The fintech industry is also pinning hopes on the reduction of corporate tax for fintech startups and other small firms that fall under the SME (or MSME) category. The tax is set at 25 percent currently for Small and Medium Enterprises. Moreover, the people involved in the process of encouraging digital platforms should get some concession from the government in the form of personal tax reduction. There should be a multidisciplinary innovation hub created for these people who can seamlessly share their ideas, the industry experts believe. Another huge demand that the fintech industry holds in the wishlist for Budget 2018 is that the fintech companies are deemed eligible under the government’s Mudra, SIDBI, and the credit guarantee schemes to receive low-cost funding from the government. “Fintech firms have not been brought within the purview of government schemes such as Mudra and credit guarantee schemes. Therefore, to foster the economic growth, we would recommend that the upcoming budget should revise Mudra and other existing credit guarantee schemes to cover Fintech firms,” said Shailendra Naidu, CEO, Obopay, a payments processing platform.

Fintech lending

In addition, the online lenders who are currently working with various banking institutions to offer loans to customers for online purchases are demanding that their presence be felt in the fintech sector. While the government has previously recognised the potential of these online lending firms, it has not done much to appease them. As pointed out by Shailendra Naidu, “In the upcoming budget 2018, we look forward to the government taking more initiatives to promote digital transactions and provide sizeable incentives to Fintech firms in India. Fintech firms that have partnered with banks and the ones who are implementing healthcare projects should be given increased incentives such as tax holiday for initial three years and tax rebate among others.”

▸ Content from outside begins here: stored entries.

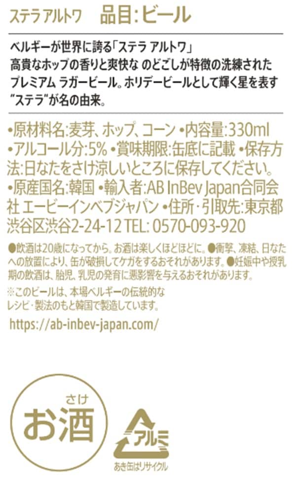 - ステラ・アルトワ 缶 ラガービール 330ml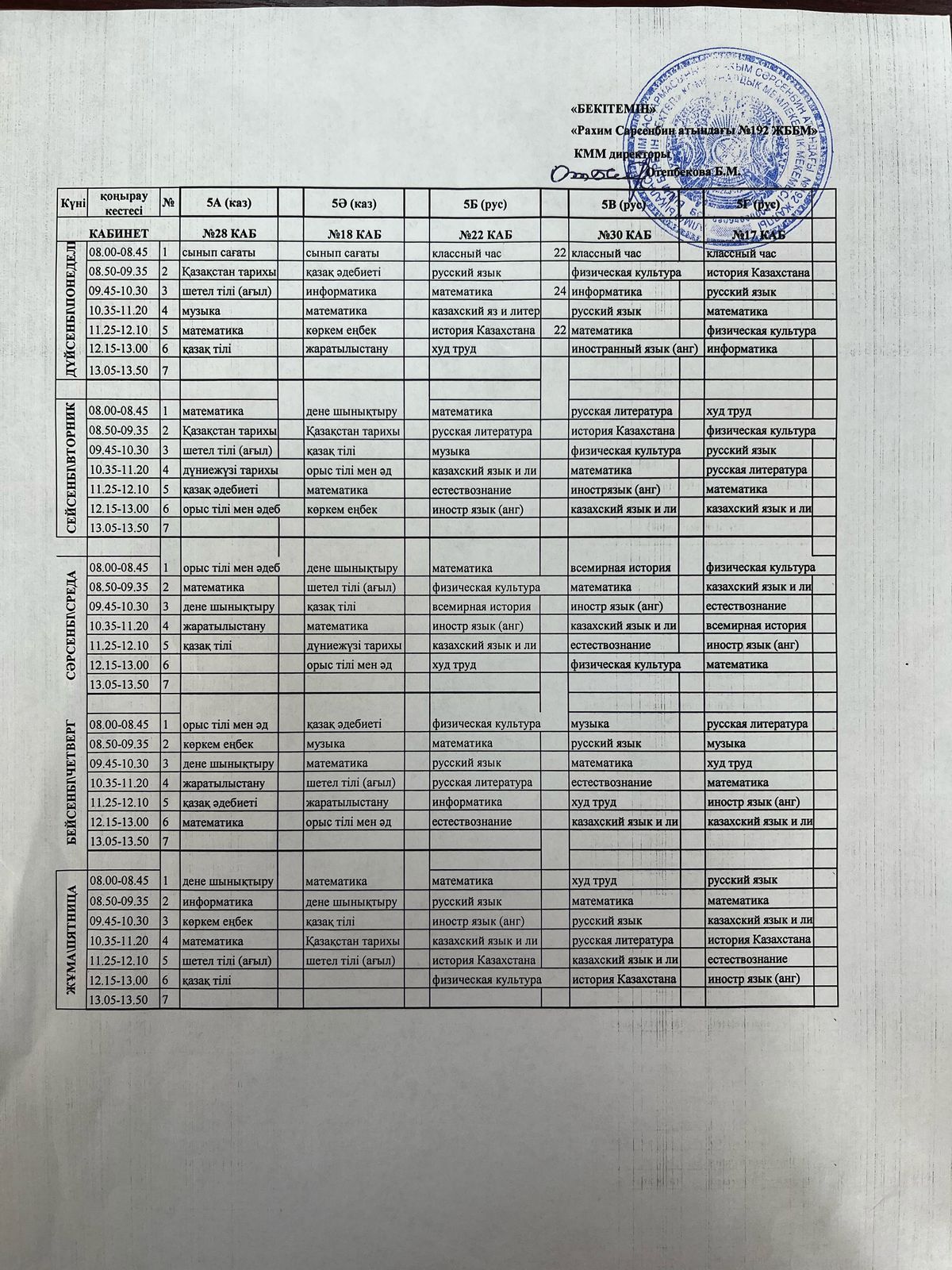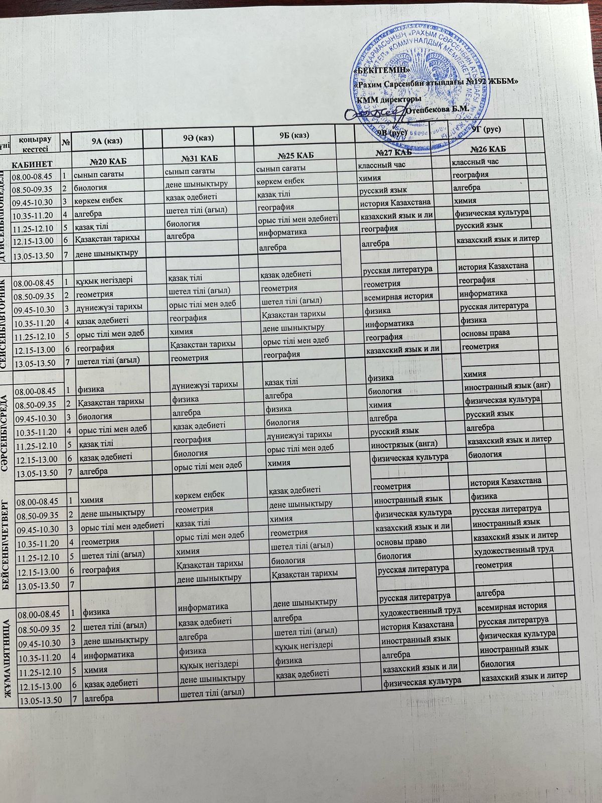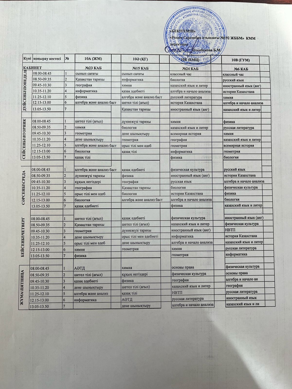 Сабақ кестесі 2024-2025 оқу жылы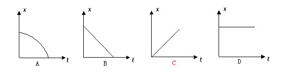 若以抛出点为起点,取初速度方向为水平位移的正方向,则在下图中,能正确描述做平抛运动物体的水平位移x随时间t变化关系的图象是( )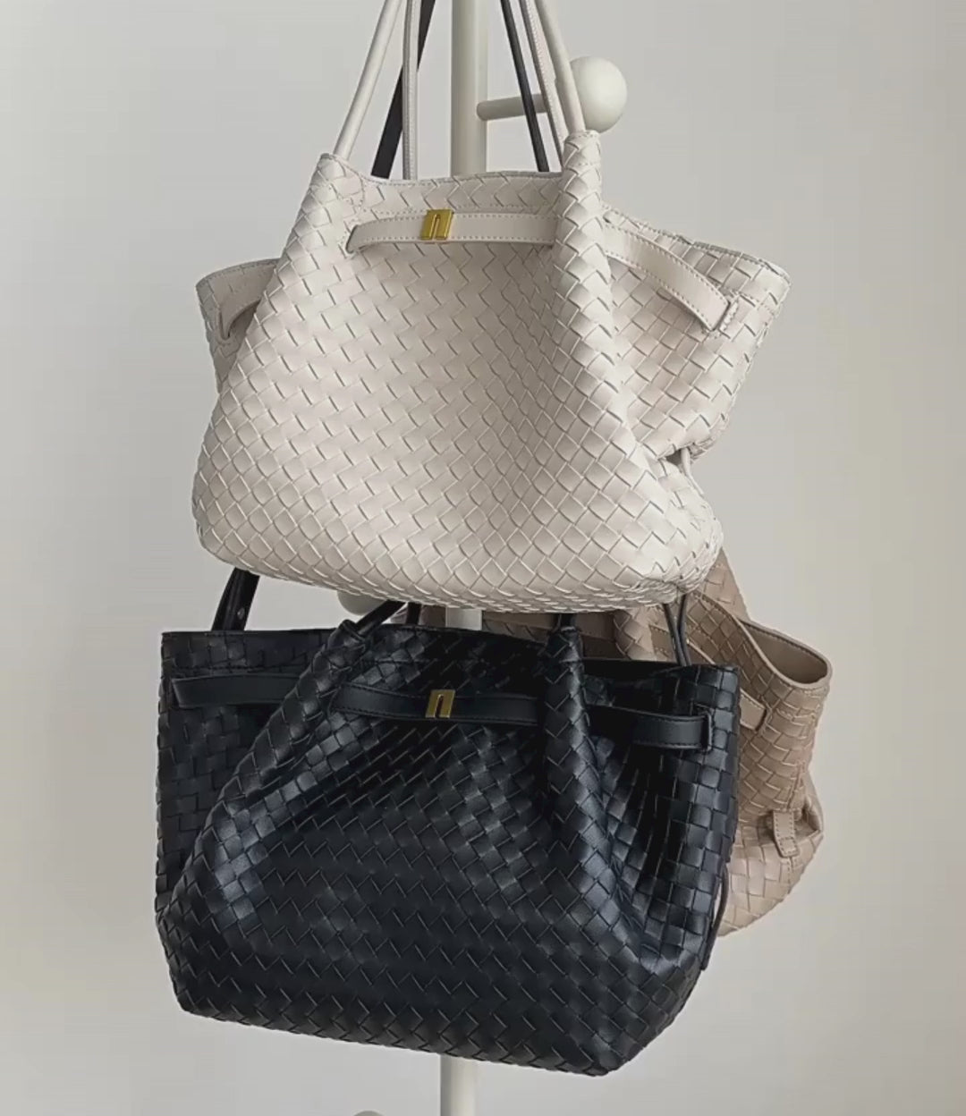 フロントのベルトディテールとゴールド金具が、編み込みデザインに程よい華やぎを添え、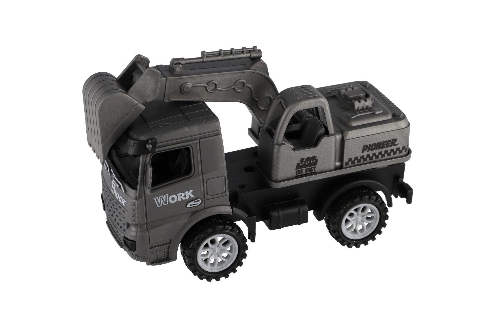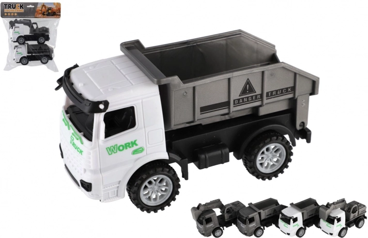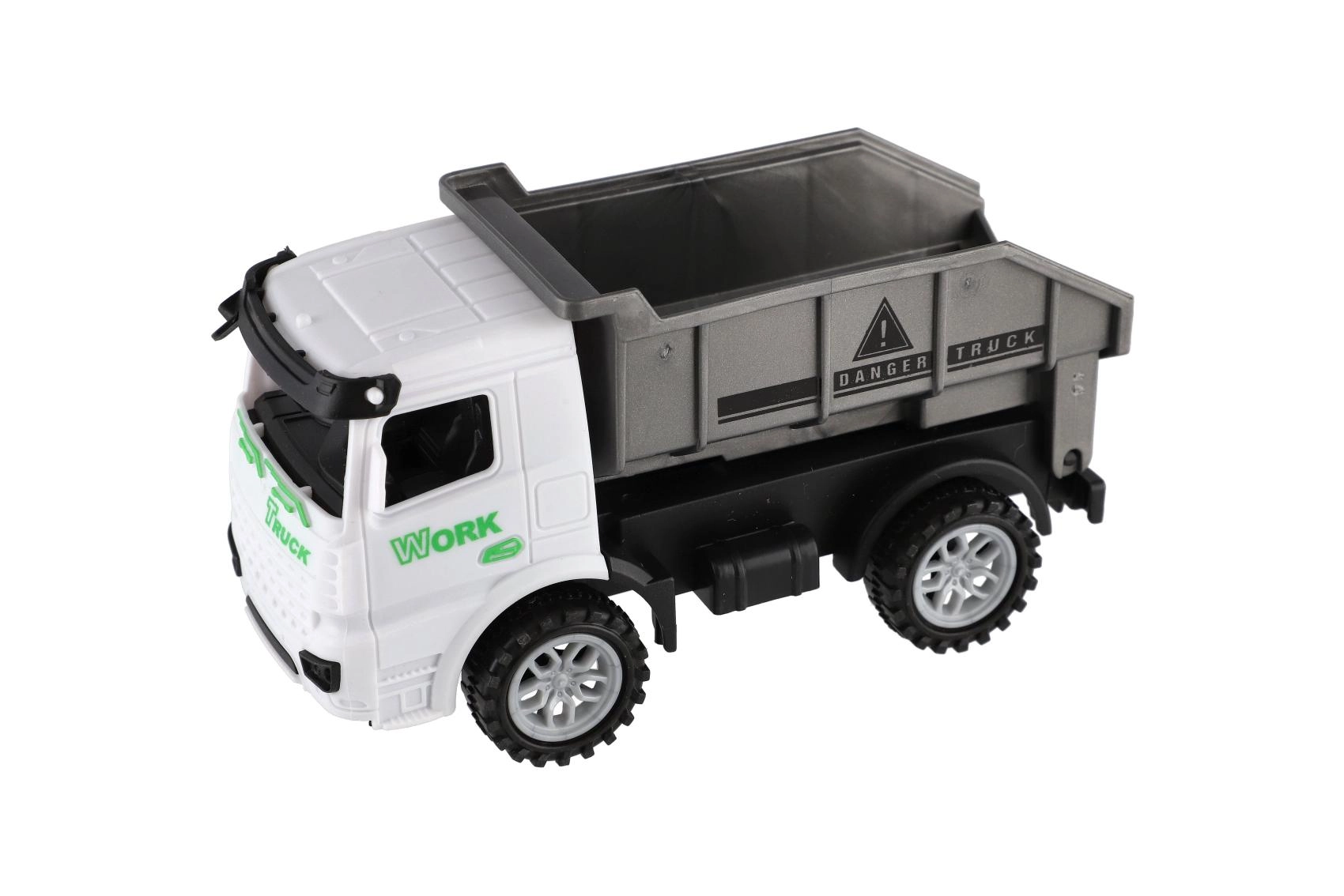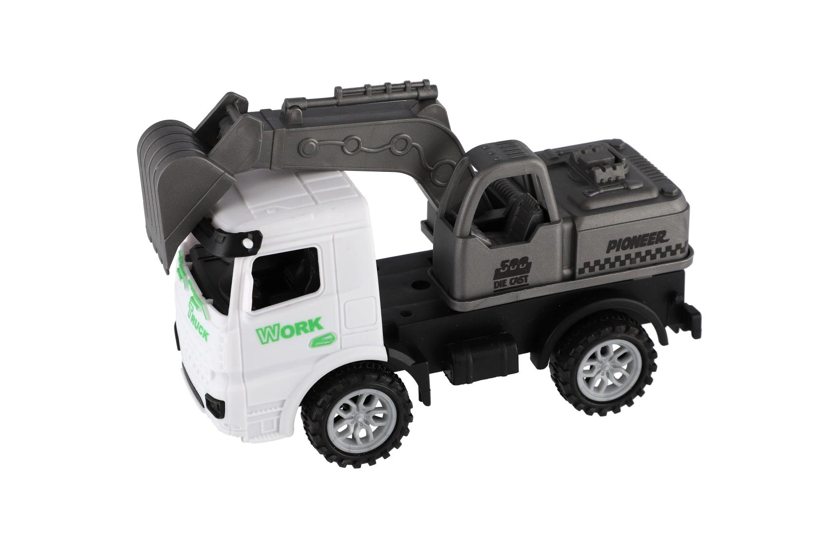 Šis puikus statybinių automobiliukų rinkinys pradžiugins kiekvieną mažąjį statytoją. Jame yra 2 plastikinės transporto priemonės, kurių ilgis 15 cm, su inercine pavara – pakanka pastumti ir paleisti, ir automobiliai nuriedės pirmyn.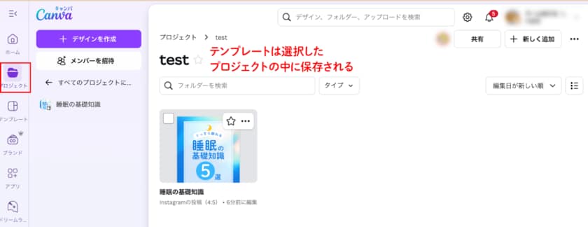 SNSのオーガニック投稿のように同じデザインで写真やコピーを差し替えて複製したいときや、他の方にデザインを共有したいときに便利なのが、テンプレート機能です。元々Canvaにはたくさんのテンプレートが用意されていますが、それと同じようなものを自分でも作成することができます。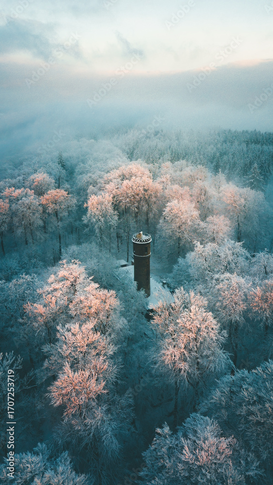 Fairy tale tower in a winter forest
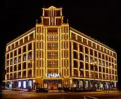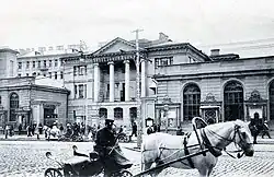 Khreshchatyk began to be developed in the 1830s and 1840s, beginning from the European Square end. Its current design emerged in 1837 when it was planned as Kyiv's principal street by architects that included the city architect, Ludvik Stanzani.[6] From 1868 banks started to be located on Khreshchatyk. The Kyiv Stock Exchange was built in 1869. The thoroughfare became one of the most famous in the Russian Empire.[7] The new City Hall was built on the street in 1874–1876. Other notable buildings constructed during this period were the Merchants' Hall, the concert hall, the Central Post Office, and the Club for Polish Noblemen. During the 1880s, its wooden-built restaurants and taverns were being replaced by stone-built multi-storey houses and shops. The street, with its departmental stores and hotels, was called "the only real street in Kiev," and, along with the city’s larger churches, became its central modern attraction for visitors.[5]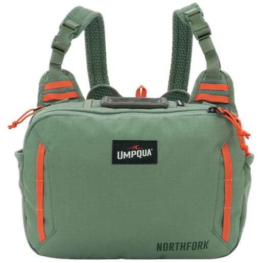 Umpqua NorthFork Chest Pack - Designed for your Best Day on the Water. The NorthFork Chest Pack keeps all your gear up high for easy access and deep wading. Pockets for fly boxes, leader & tippet, indicators, and more. Everything you need for a comfortable and productive day on the water. Spacious main compartment: holds up to 4 full-sized fly boxes Secondary compartment: accommodates 2 full-sized fly boxes Internal pockets: organize leaders, tippet, indicators, and more Net slot: easy access slot for your fishing net External fly patch: for quick access and fly drying Additional stretch pockets: easy-access storage options Proprietary VersiLoop Accessory Attachments: compatible with Umpqua's 6pc accessory line Style: 35294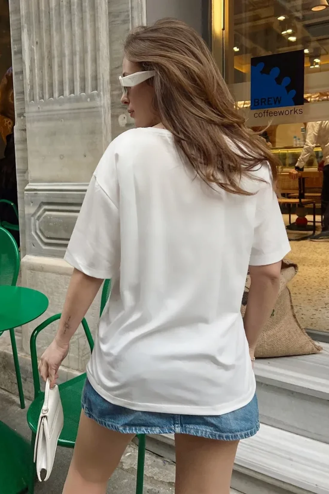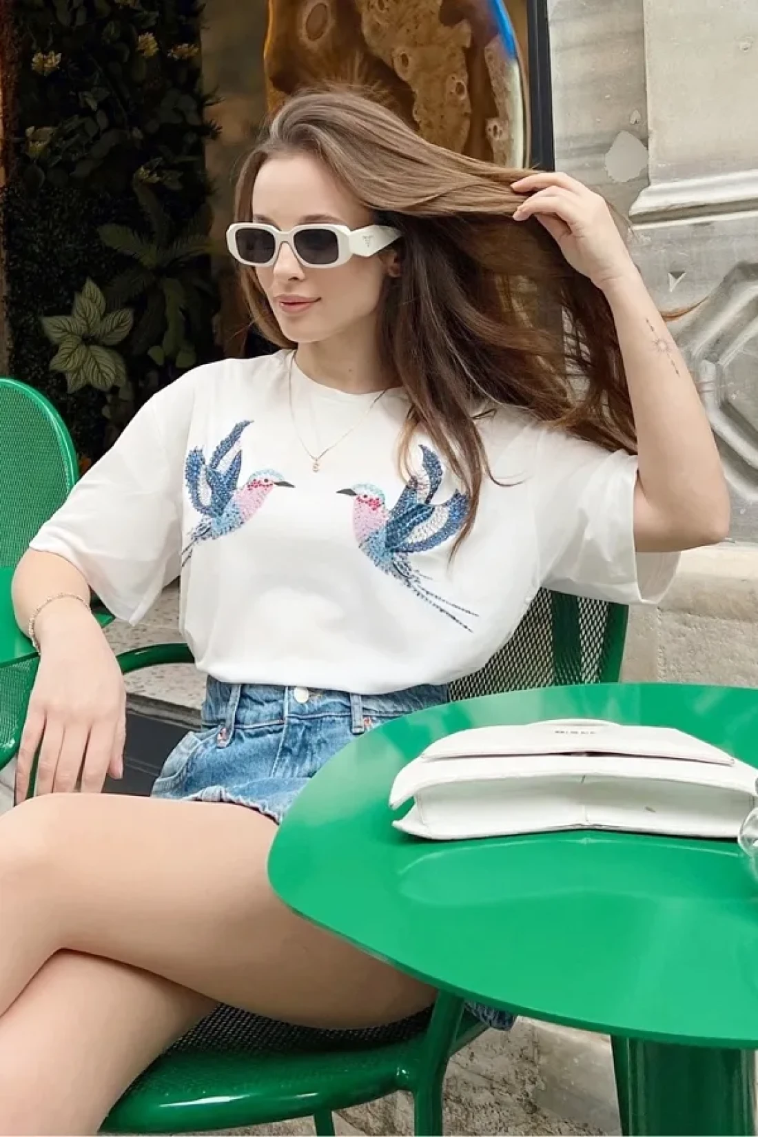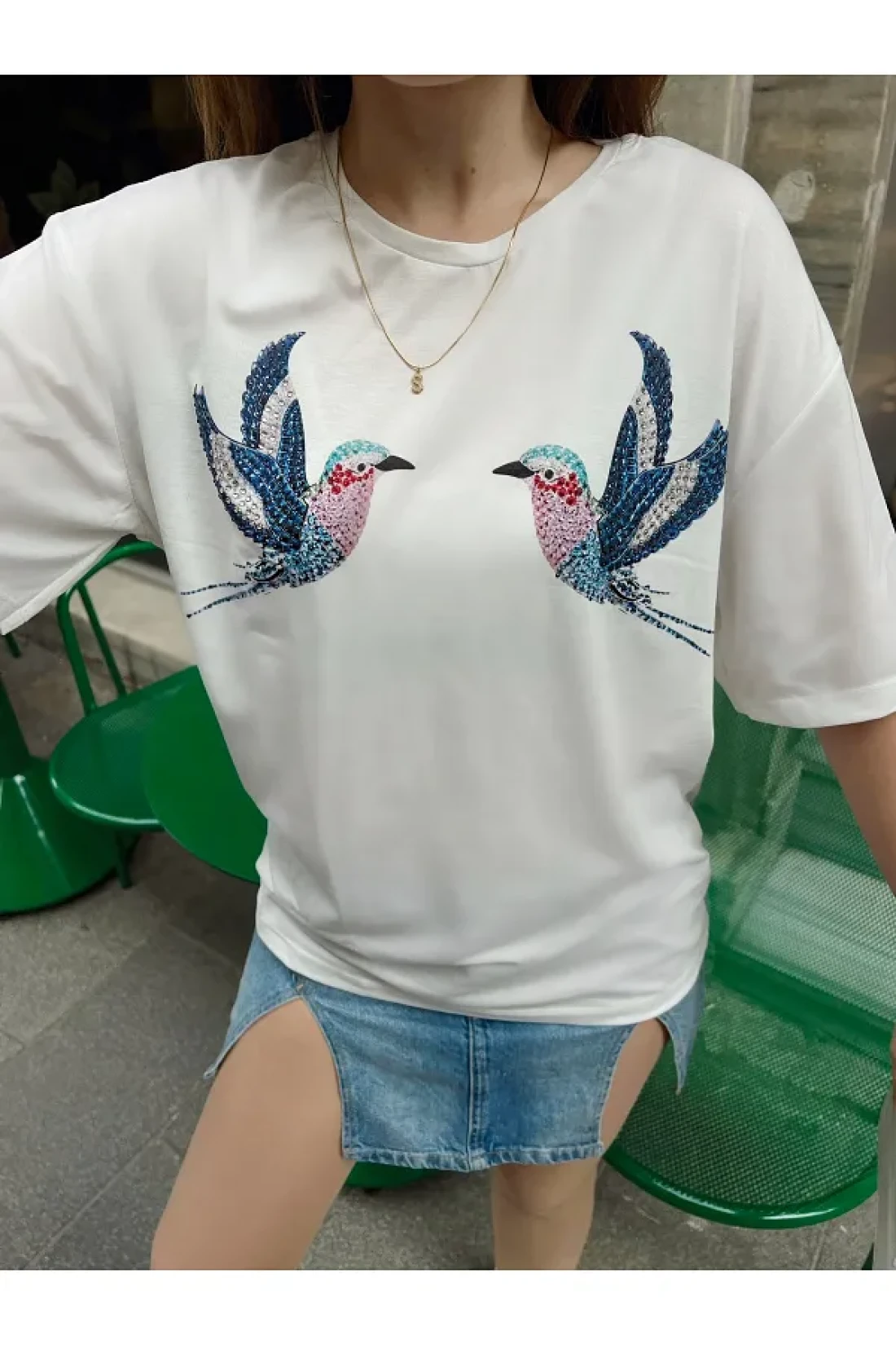Bianco Lucci Women's Bird Patterned Combed Cotton Tshirt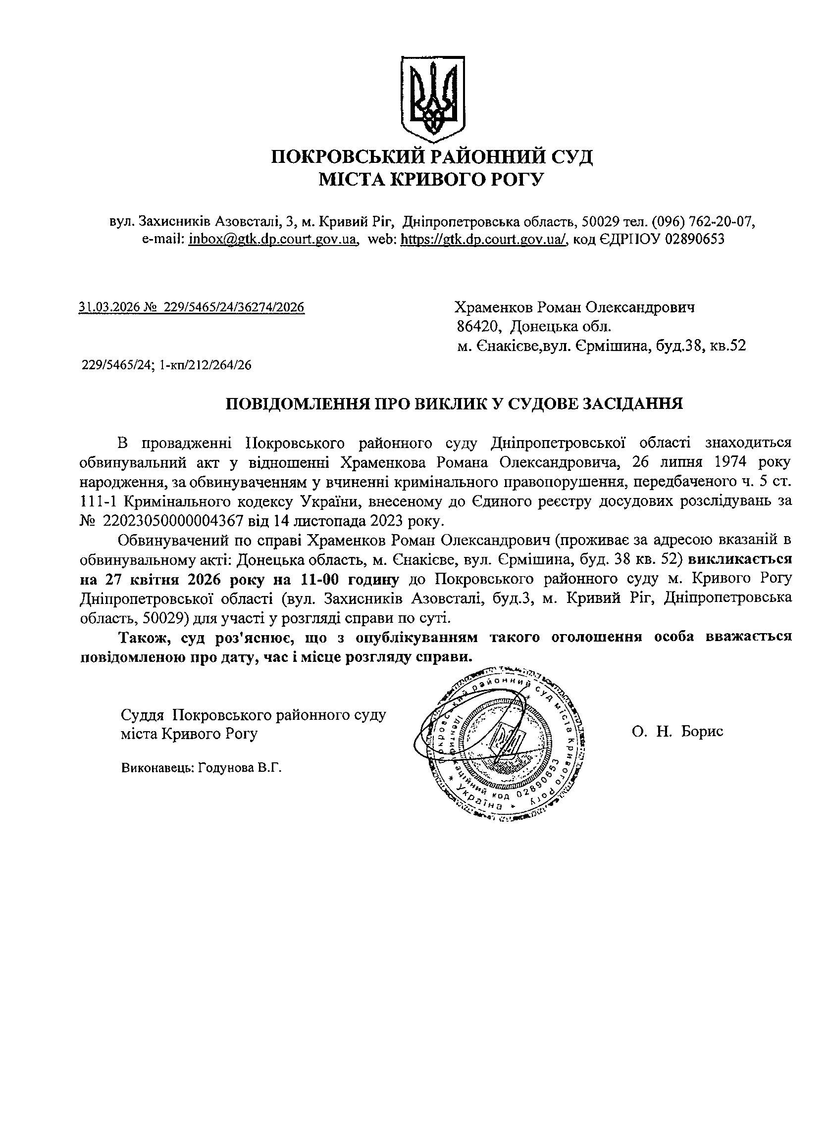 Оголошення про виклик до суду Храменкова Романа Олександровича

“Partnerships between payments and lending companies typifies what can be collaborative model going forward wherein payment companies rich in transaction data can monetise the same for lending; such a partnership can help lower acquisition costs. Developing a policy framework and allocating budget to enable small value lending without excessive documentation can further help small businesses,” said Charlie Lee, CEO, True Balance, a digital wallet company.